The bottom line is that it will be very difficult to justify a rate cut ahead of the election unless we see a sharp downward turn in the economy / labor market. Any such move would otherwise appear political in nature, as would a rate cut immediately after the election in November, and a cut would be even more stimulative. Stocks took their cue from something else that I warned about ahead of the meeting – the move to reduce the rate at which we are shrinking the balance sheet. I thought that the Fed would use this meeting to prepare the market, and then enact it at the June meet, but instead it jumped right into slowing the rate of tightening. The previous plan had the Fed reducing its purchases of debt certificates by $1.14 trillion, but that is now reduced to $720 billion per year. Look for that number to continue to ratchet lower in future meetings. That move is actually somewhat stimulative in the near-term, as it provides more buyers to match the increased supply of debt certificates being offered onto the market, reducing upward pressure on interest rates toward the longer end of the yield curve.
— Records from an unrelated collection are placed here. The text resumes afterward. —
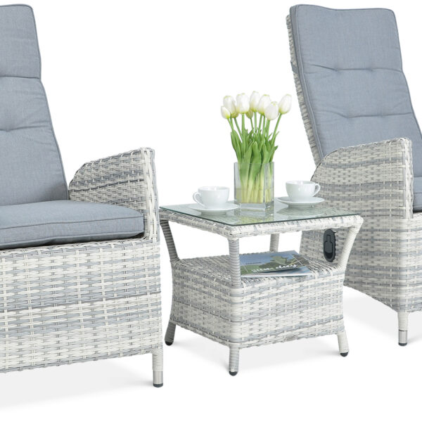 - w skład zestawu wchodzą 2 wygodne fotele z regulacją oparcia i funkcjonalny stolik kawowy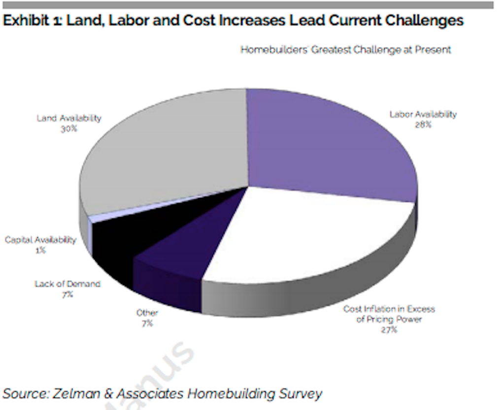 Ivy Zelman and her team of analysts at Zelman & Associates confirm that, in a ranking of challenges in order of the grief they cause, builders list “land availability” as the No. 1 worry in Zelman’s private home builder universe, with labor availability a close second.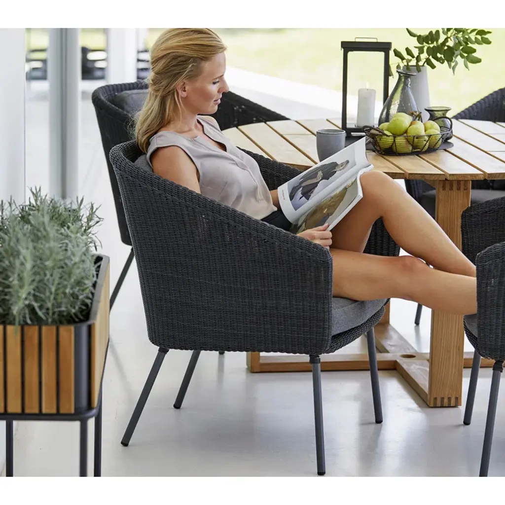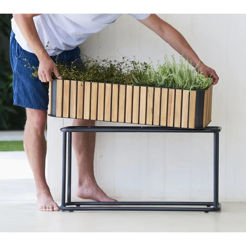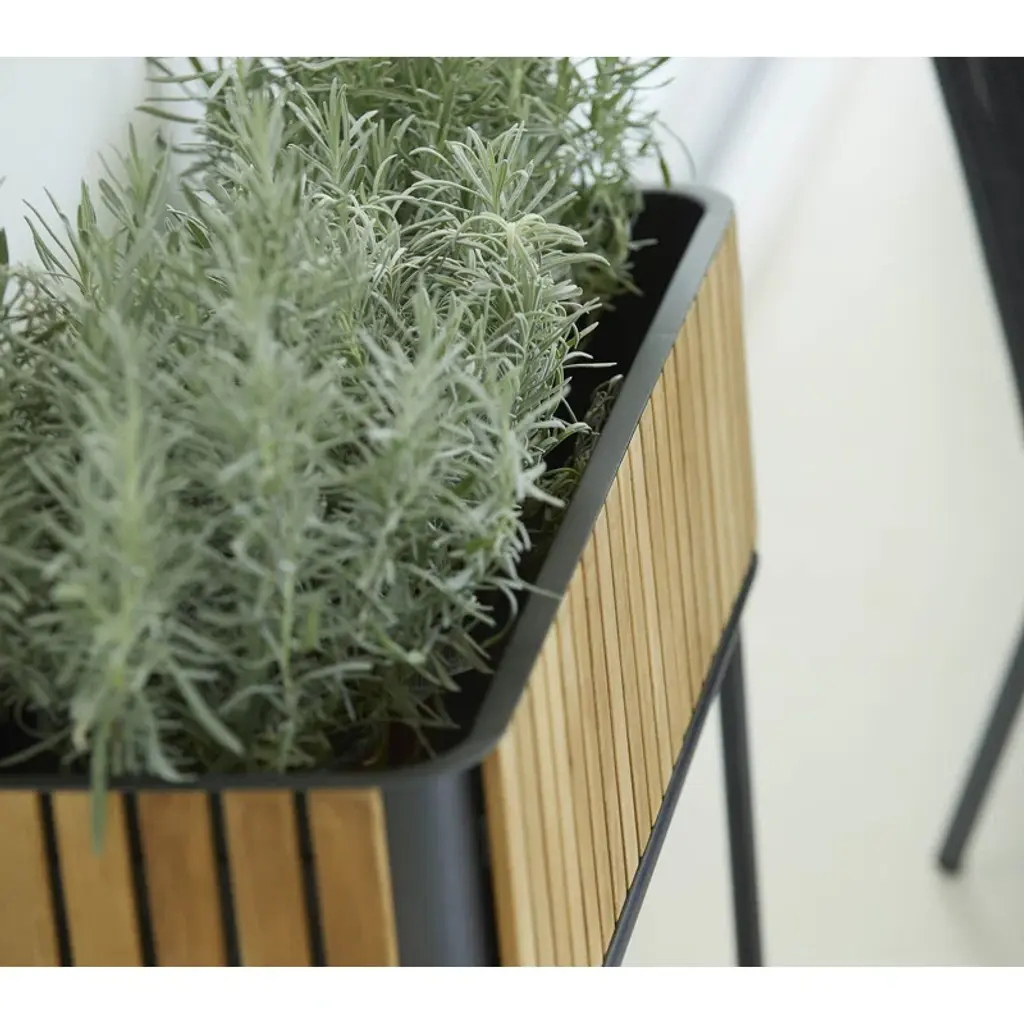 This Combine 3 ft x 1 ft Raised Garden is a modern planter with an exciting design and mix of materials. The warm certified teak and the streamlined powder-coated aluminum give a unique look that fits in most spaces. Cane-line teak is approved and cultivated according to the SVLK certification system. Plant your favorite herbs, flowers, or trees, and add a green spot to your outdoor place. The powder-coated aluminum ensures a resistant surface to knocks and scratches.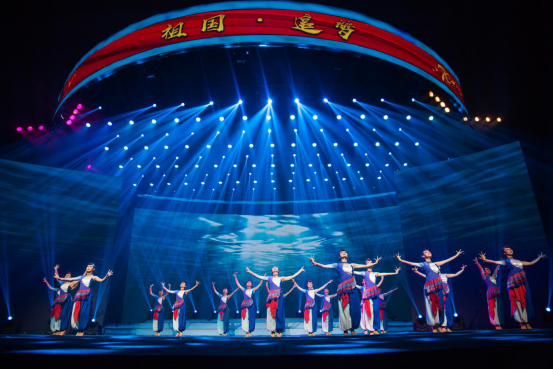 晚会在喜庆欢乐的大型音舞诗《今天是你的生日,我的祖国》中热烈开场。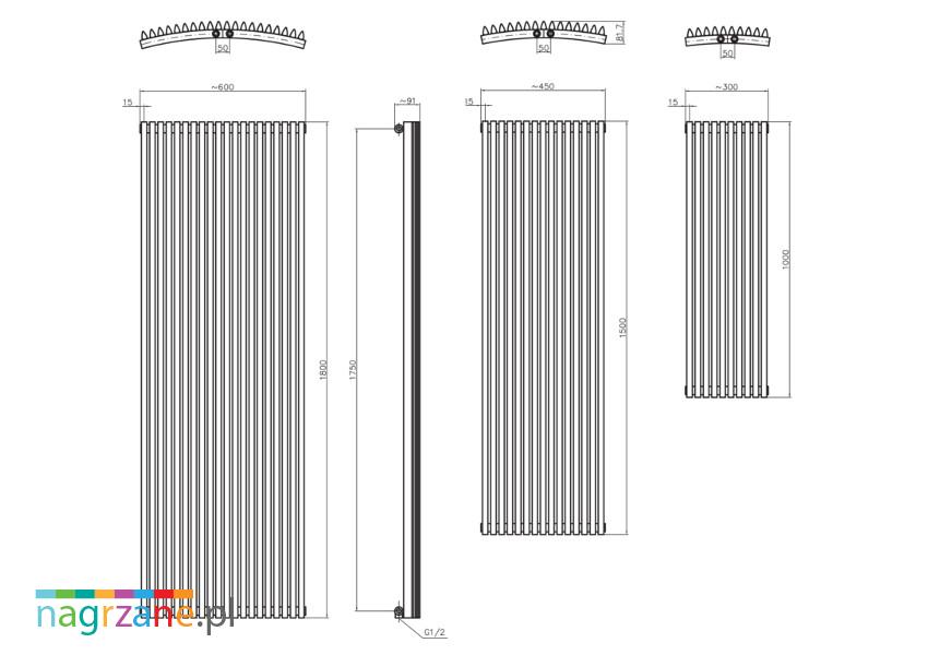 profile grzewcze: trójkątne o przekroju 30 mm x 90 mm x 20 mm,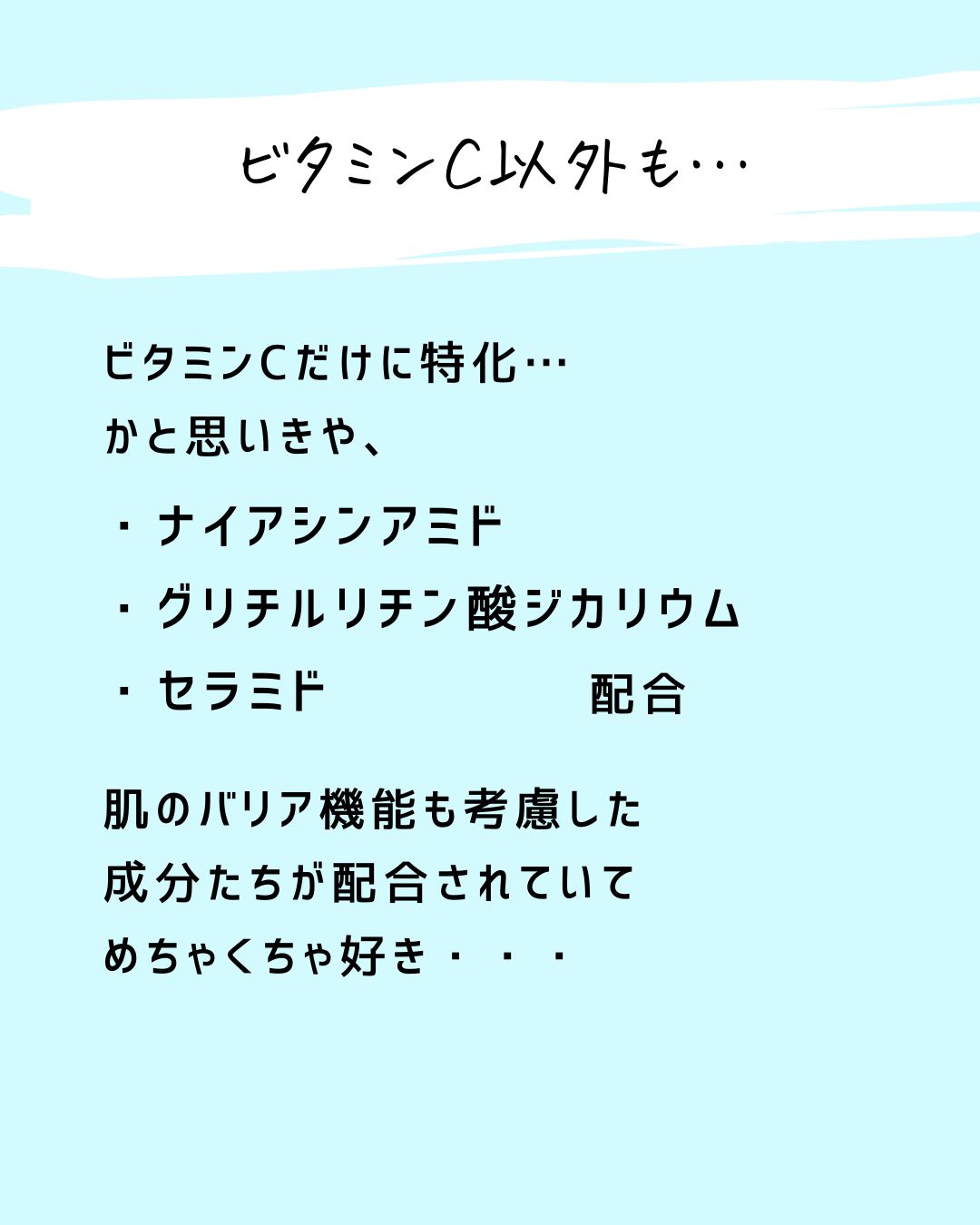 肌が荒れた時にビタミンCがいいとSNSで見かけたというフォロワーさんがいたけど、これは本当に辞めてほしい(濃度にもよるけど) ビタミンCは攻めのケアでもあるから、肌が敏感な時には避けてほしい。 でも、メラニン予防とか毛穴ケアには本当に良い商品でもあると思うから、使い方を間違えずに選択してほしいな!!

That’s why we saw the big drop following the announcement yesterday, although note how yields bounced back overnight. The volume of debt certificates offered to the market is expected to rise by one-third across the yield curve this year over the previous year, which means that more buyers need to be added to the market to avoid rising yields.

 

Powell clearly wanted to send a message that investors and consumers should not worry about a rate hike. He clearly stated that, “It’s unlikely that the next policy rate move will be a hike.” In other words, expect a cut before we see a hike. That statement is also stimulative in nature, suggesting that Powell is clinging to his dovish tone, despite previous statements that progress toward the 2% mandate has stalled. He’s taken steps to make sure that Wall Street confidence remains intact, and that the credit markets continue to function. In fact, he totally dismissed the idea that the central bank’s dovish pivot had anything to do with the recent reinflation pressures, even though the data suggests otherwise. The economy runs on consumer confidence, which is driven primarily by the stock market and the price of food and gasoline. The stock market liked Powell’s comments, which should boost consumer confidence, and therefore consumer spending. Food and gasoline prices may very well hinge on rising geopolitical and weather risks. Let’s keep in mind that we’re entering what forecasters expect to be a very active hurricane season, which adds to crude oil supply risks, on top of the geopolitical risks already in place. According to Powell, all is well, but please don’t look behind the curtain.

 

Powell’s statements came after the grain markets closed, but they reacted positively to the comments overnight. We’ll have to see how that positive momentum holds in today’s trading, but history suggests that fund managers prefer to be long commodities rather than short during times of rising inflation. We had already seen fund managers reducing their short positions in the grain and oilseed complex in recent weeks, while they had already done so in the energy sector previously due to rising geopolitical risks. That trend in the grain and oilseeds continued overnight as the dollar slipped lower. The overnight rally comes despite bearish news in the biofuel sector as the new guidelines for corn and soybeans qualifying as a feedstock for Sustainable Aviation Fuel were unveiled, essentially blocking the bulk of them from qualifying for the subsidies. Price strength also came despite some increased moisture possibilities for dry wheat areas of the Plains and for southern Russia. Money flow into the sector is positive to start the day. Now we’ll see if it can stay that way long enough to garner additional chart-related strength.